Oxidation of the endogenous cannabinoid arachidonoyl ethanolamide by the cytochrome P450 monooxygenases: physiological and pharmacological implications

Abstract

Arachidonoyl ethanolamide (anandamide) is an endogenous amide of arachidonic acid and an important signaling mediator of the endocannabinoid system. Given its numerous roles in maintaining normal physiological function and modulating pathophysiological responses throughout the body, the endocannabinoid system is an important pharmacological target amenable to manipulation directly by cannabinoid receptor ligands or indirectly by drugs that alter endocannabinoid synthesis and inactivation. The latter approach has the possible advantage of more selectivity, thus there is the potential for fewer untoward effects like those that are traditionally associated with cannabinoid receptor ligands. In that regard, inhibitors of the principal inactivating enzyme for anandamide, fatty acid amide hydrolase (FAAH), are currently in development for the treatment of pain and inflammation. However, several pathways involved in anandamide synthesis, metabolism, and inactivation all need to be taken into account when evaluating the effects of FAAH inhibitors and similar agents in preclinical models and assessing their clinical potential. Anandamide undergoes oxidation by several human cytochrome P450 (P450) enzymes, including CYP3A4, CYP4F2, CYP4X1, and the highly polymorphic CYP2D6, forming numerous structurally diverse lipids, which are likely to have important physiological roles, as evidenced by the demonstration that a P450-derived epoxide of anandamide is a potent agonist for the cannabinoid receptor 2. The focus of this review is to emphasize the need for a better understanding of the P450-mediated pathways of the metabolism of anandamide, because these are likely to be important in mediating endocannabinoid signaling as well as the pharmacological responses to endocannabinoid-targeting drugs.

Fig. 1.

Biosynthesis and degradation of anandamide.
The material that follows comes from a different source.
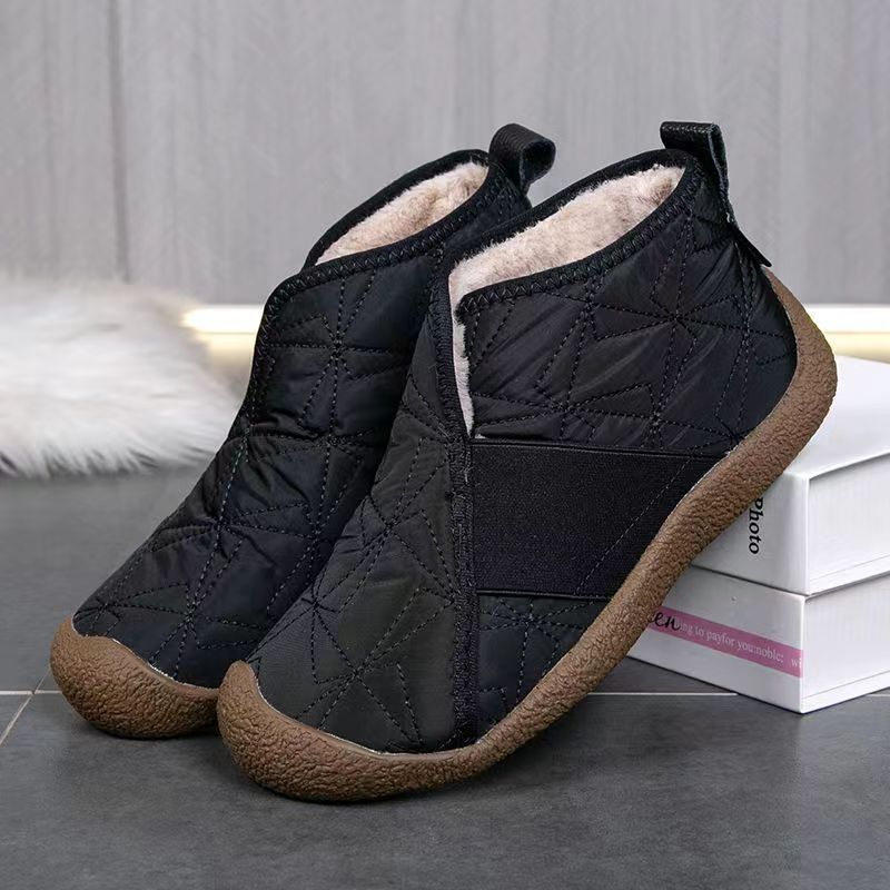 가을과 겨울 2024 새로운 항공 우주 직물 슬립 온 스노우 부츠 낮은 굽 편안한 미끄럼 방지 경량 여성용 코튼 신발 가을과 겨울스토어 가기

The formation of the anandamide precursor C20:4-NAPE is catalyzed by NAT, which transfers an arachidonoyl group from the sn-1 position of a phospholipid, such as phosphatidylcholine (PC), to the amino group of phosphatidylethanolamine (PE). Several pathways act upon C20:4-NAPE to produce anandamide, including 1) direct conversion by NAPE-PLD; 2) PLC-catalyzed formation of a phospho-NAE species, which is subsequently converted to anandamide via the action of phosphatases, including PTPN22 and SH2-containing inositol-5-phosphatase (SHIP1); and 3) sPLA2 or ABHD4-catalyzed formation of lyso-NAPE, followed by ABHD4-catalyzed formation of a GP-NAE species that is subsequently converted to anandamide by the phosphodiesterase GDE1. The enzymatic inactivation of anandamide is carried out by membrane-bound FAAH, which forms arachidonic acid (AA) and EA.

Fig. 2.

Oxidative pathways for the metabolism of anandamide catalyzed by cytochrome P450s and epoxide hydrolases. Anandamide undergoes epoxidation by CYP3A4, CYP2D6, and CYP4X1 to form four EET-EAs. The hydroxylation of anandamide is carried out by CYP4F2 or CYP2D6 to form 20-HETE-EA. The EET-EAs can be further metabolized by microsomal and soluble epoxide hydrolase (EH) to form the corresponding DHET-EAs or by CYP2D6 to form the corresponding HEET-EAs.

Fig. 3.

Potential protective actions of 5,6-EET-EA in pathological conditions of the liver and CNS. Anandamide (AEA) is metabolized by FAAH to arachidonic acid (AA) and by cytochrome P450 (CYP) to 5,6-EET-EA, which is in turn metabolized by epoxide hydrolase (EH) to 5,6-DHET-EA. Administration of FAAH or EH inhibitors could lead to an increase in the formation of endogenously produced 5,6-EET-EA by affecting its synthesis or its degradation. CB2, which is primarily expressed on immune cells, is activated by 5,6-EET-EA, and this activation may lead to important anti-inflammatory events that could alter the pathological outcome in both acute and chronic conditions affecting the liver and the CNS.